Brighton Festival: Brighton – Symphony of a City, Brighton Dome

A cinematic cross-section of life in London-by-Sea

Brighton’s barely a city. It was awarded the title in 2004 without having to build a cathedral, or become bigger than a greatly swollen version of Brighthelmstone, the fishing village it once was, hemmed in from further growth by the South Downs and the sea. For all the relentless tide of London incomers and tourists, and the bustle of the bohemian North Laine, most of Brighton is quiet and peaceful, hardly urban compared to the capital. Fitting it into the venerable “city symphony” film genre, defined by the magically evocative Berlin: Die Sinfonie der Großstadt (1927), is a challenge partially met by this Brighton Festival commission.
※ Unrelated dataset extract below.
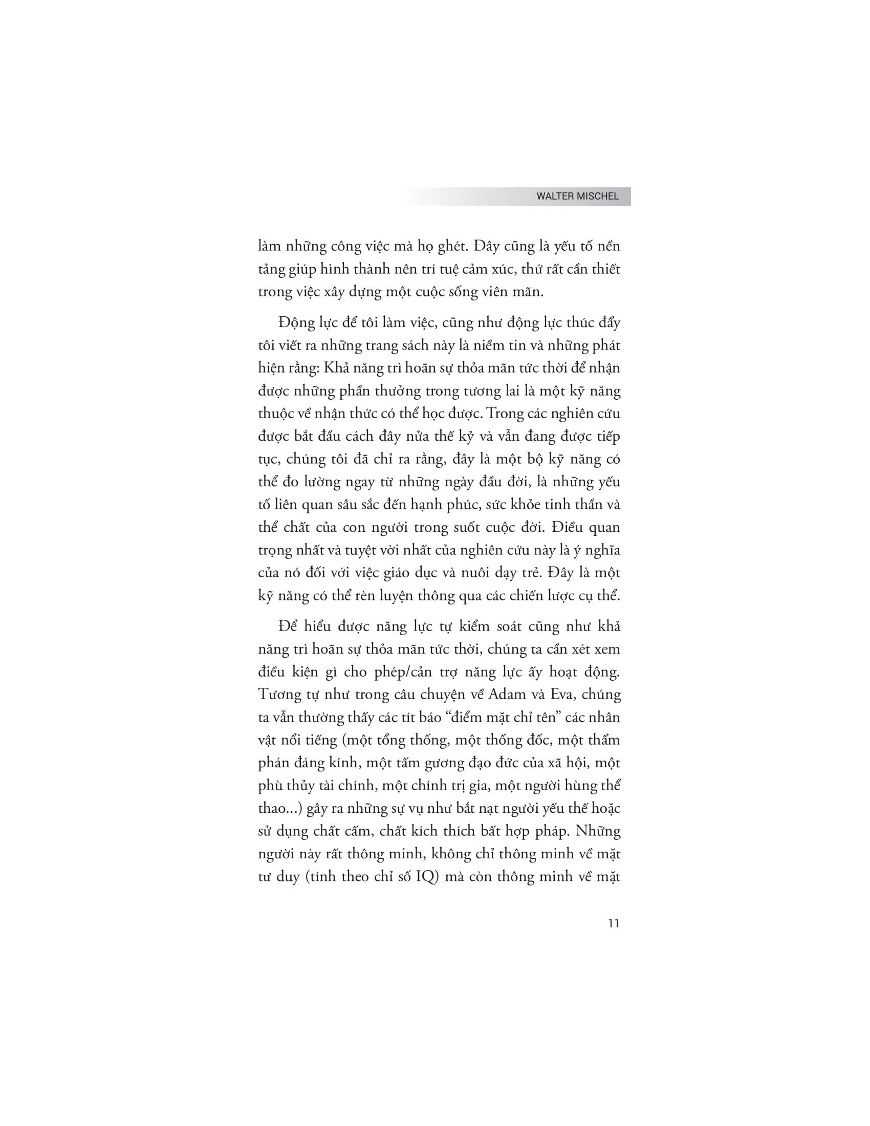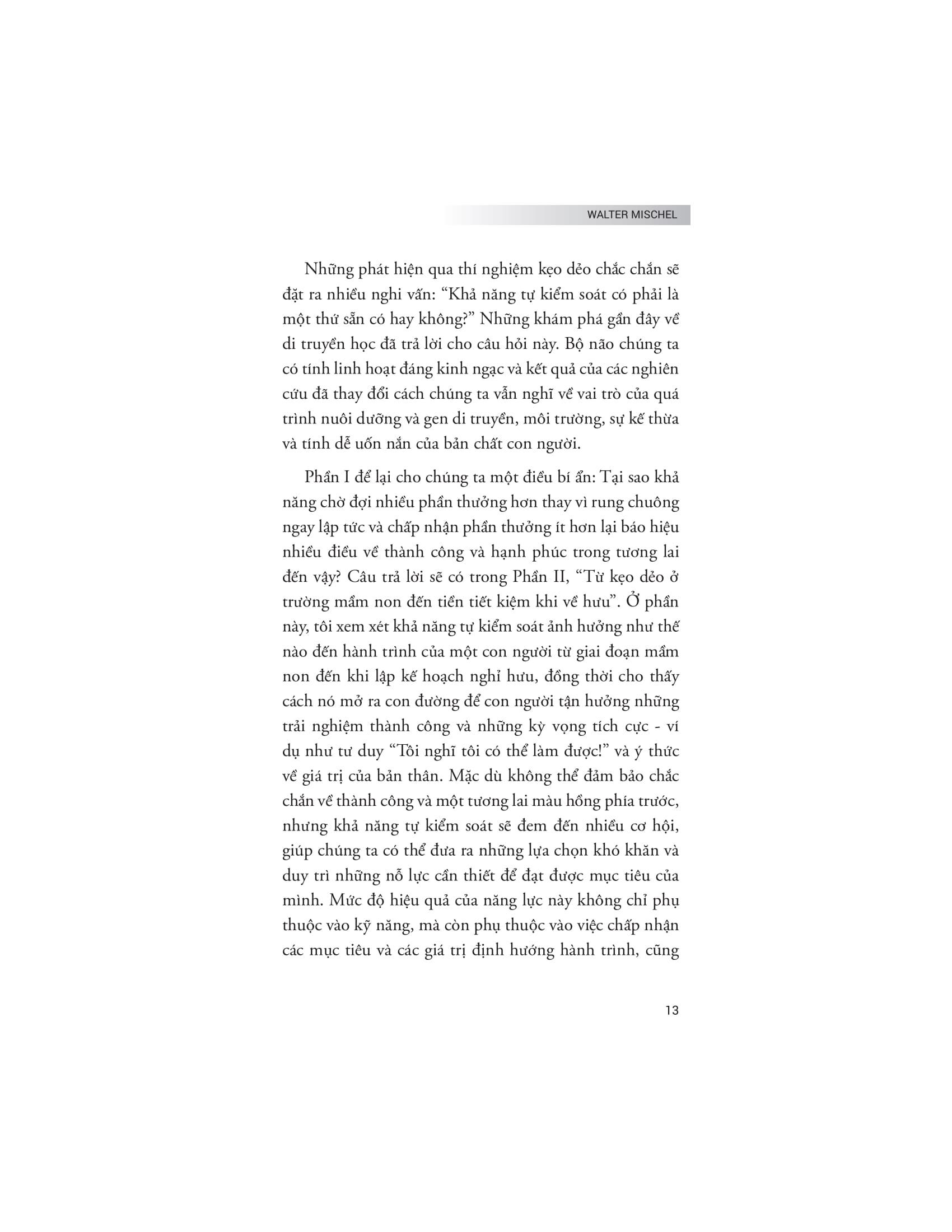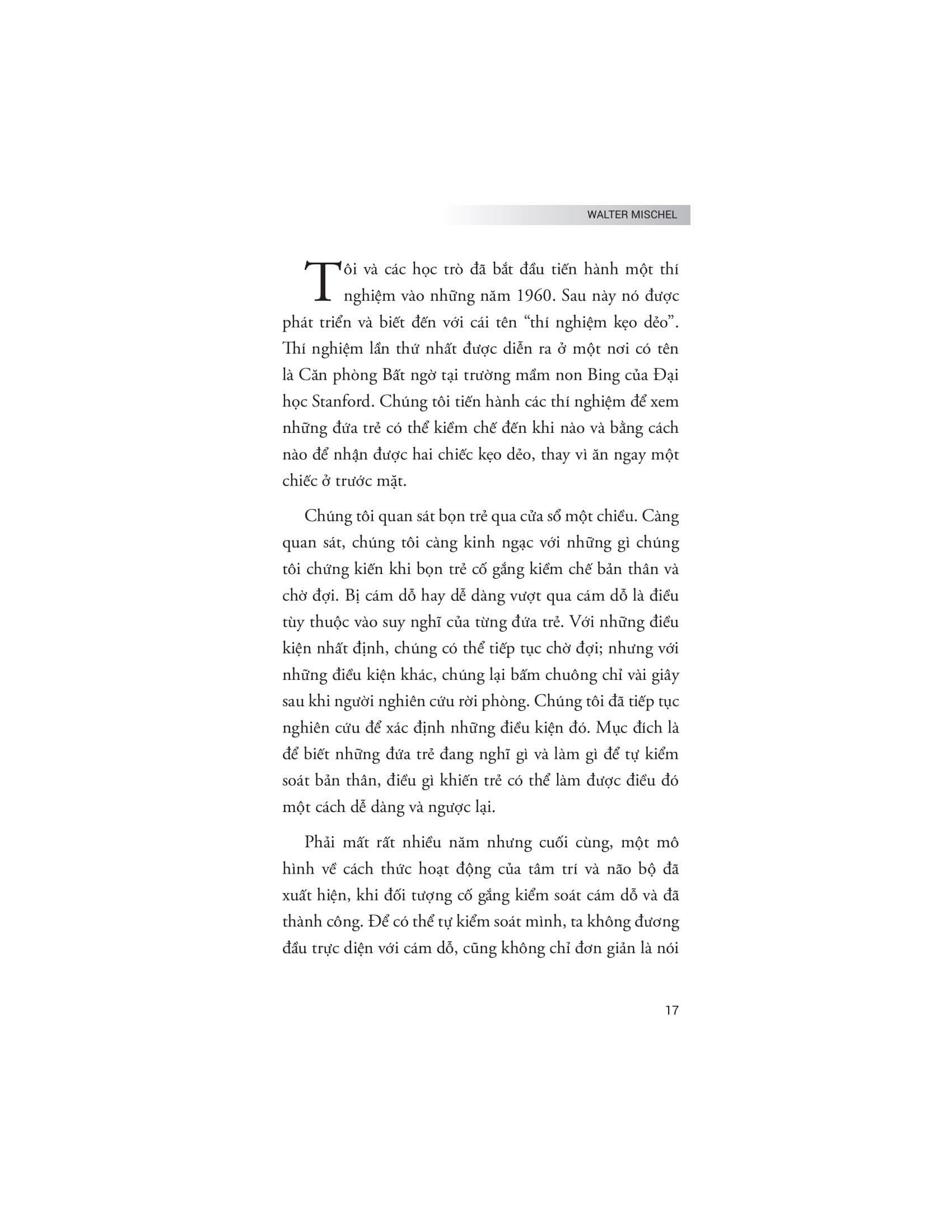 The Marshmallow Test - Hiệu Ứng Của Sự Cám Dỗ Và Khai Phá Sức Mạnh Của Ý Chí Tự Chủ Để Kiểm Soát Bản Năng Cuốn sách The Marshmallow Test của Walter Mischel là một tác phẩm nổi tiếng trong lĩnh vực tâm lý học, tập trung vào việc khám phá và nâng cao khả năng tự kiểm soát, một yếu tố quan trọng giúp cá nhân đạt được thành công và hạnh phúc trong cuộc sống. Dựa trên thí nghiệm kinh điển "Bài kiểm tra kẹo dẻo" (Marshmallow Test), cuốn sách không chỉ phân tích mối liên hệ giữa khả năng kiềm chế bản thân từ khi còn nhỏ và thành công trong cuộc sống sau này mà còn đưa ra những hướng dẫn thiết thực về cách cải thiện kỹ năng tự chủ này. Thí nghiệm Marshmallow Test, được Mischel và các cộng sự thực hiện vào những năm 1960, yêu cầu các em nhỏ phải chọn lựa giữa việc ăn ngay một viên kẹo dẻo hoặc chờ đợi một khoảng thời gian để nhận thêm một viên nữa. Kết quả của thí nghiệm cho thấy những em nhỏ có khả năng kiên nhẫn và chờ đợi lâu hơn (tức là có khả năng tự kiểm soát tốt hơn) thường có thành công vượt trội trong các lĩnh vực học tập, nghề nghiệp, và kỹ năng sống khi trưởng thành. Điều này cho thấy khả năng kiểm soát bản thân có thể dự báo nhiều yếu tố quyết định sự thành công lâu dài trong cuộc sống. Tác giả Walter Mischel đi sâu vào phân tích các chiến lược và phương pháp giúp cải thiện khả năng tự kiểm soát, từ việc xây dựng ý chí mạnh mẽ đến việc áp dụng các chiến lược tinh thần để đối phó với cám dỗ và duy trì kiên nhẫn. Bên cạnh đó, tác giả cũng chỉ ra những yếu tố ảnh hưởng đến ý chí và sự kiểm soát bản thân, từ môi trường, cách giáo dục đến các yếu tố tâm lý cá nhân. Bằng cách ứng dụng những bài học từ thí nghiệm kẹo dẻo vào cuộc sống thực tế, The Marshmallow Test không chỉ giúp người đọc hiểu rõ hơn về bản chất của tự kiểm soát mà còn cung cấp những cách thức và chiến lược hữu ích để rèn luyện khả năng này. Cuốn sách phân tích cách sự kiểm soát bản thân có thể ảnh hưởng đến nhiều khía cạnh trong cuộc sống, từ việc duy trì sức khỏe tốt, xây dựng sự nghiệp thành công đến phát triển các mối quan hệ cá nhân bền vững. Rất nhiều khía cạnh thú vị và ý nghĩa về năng lực tự chủ đã được các nhà nghiên cứu dày công tìm hiểu. Kết quả rút ra từ công trình này – sẽ giúp các bạn độc giả có một cái nhìn toàn cảnh và chuyên sâu về một trong những kỹ năng thiết yếu nhất của con người. Về tác giả Walter Mischel là nhà tâm lý học người Mỹ chuyên về lý thuyết nhân cách và tâm lý xã hội. Ông là giáo sư tại khoa Tâm lý học, Đại học Columbia. Năm 2007, Mischel được bầu làm chủ tịch Hiệp hội Khoa học Tâm lý. Ông là biên tập viên của tạp chí Psychological Review, đồng thời giữ chức chủ tịch của Hiệp hội Nghiên cứu Tính cách. Năm 2011, Mischel nhận Giải thưởng Grawemeyer về Tâm lý học của Đại học Louisville cho các nghiên cứu của ông về khả năng tự kiểm soát bản thân.

Ed Hughes’s score in seven movements, played live by the Orchestra of Light and Sound (tonight combining professional players with Sussex students), matches Lizzie Thynne’s otherwise silent film as it moves from dawn to night. Jagged strings and percussion soundtrack fast-cut scenes of the morning rush hour around Brighton station, bakers and coffee shops. Later, strings and woodwind are more pastorally restful during the annual Gay Pride parade, a moving contrast to its riotous sonic reality which suggests the distinctiveness city status does demand: Brighton as a libertarian, sexually diverse stronghold. More than most English places, there’s licence here to do as you like.

Thynne intercuts brief vintage footage, contrasting today’s struggling but wonderful Open Market with its Sixties ancestor. Brighton’s wide radical streak is shown in a 1938 march including banners from the local Co-op and the Communist Party of Eastbourne, their embattled hope about to be swept away: “21 Years of Peace”; “Act and It Can Be Done”; “No Unemployment in Russia”; “International Brigade – Welcome Home”. Wreath-laying for recent Spanish Civil War dead cuts to the War Memorial today, then a “Remember Gaza” banner, and flower-petals scattered by protesters in the sea. Thynne rhymes like this elsewhere, cutting from a cemetery to lively kids at a skateboard park. She also borrows from previous city symphonies with fictive moments, as when two women lock gazes in a bookshop window, and leave together.

Seeing familiar sights from a different, big-screen angle is fun for locals. The constant, poignant revelation in seeing 1927 Berlin won’t come yet, though. Maybe Southern Rail trains and grainless digital footage, dull-looking now, will gain a nostalgic strangeness with time, as the sight of people walking in a lost era usually does. The University of Sussex students filmed tapping at laptops and absorbed by screens, in between the usual youthful adventures, may date most evocatively.

The programme’s second half continued the silent film theme with a double-bill of Harold Lloyd’s Never Weaken (1921) and Laurel and Hardy’s Liberty (1929), with Neil Brand superbly at the piano (though Lloyd hated it as accompaniment). Lloyd’s bright irreverence and excruciatingly drawn-out sequence of attempted suicide then attempted survival, scrabbling and falling across dizzyingly high building-site girders, was urban, silent genius, crossing almost a century to fill a hall with howls of laughter.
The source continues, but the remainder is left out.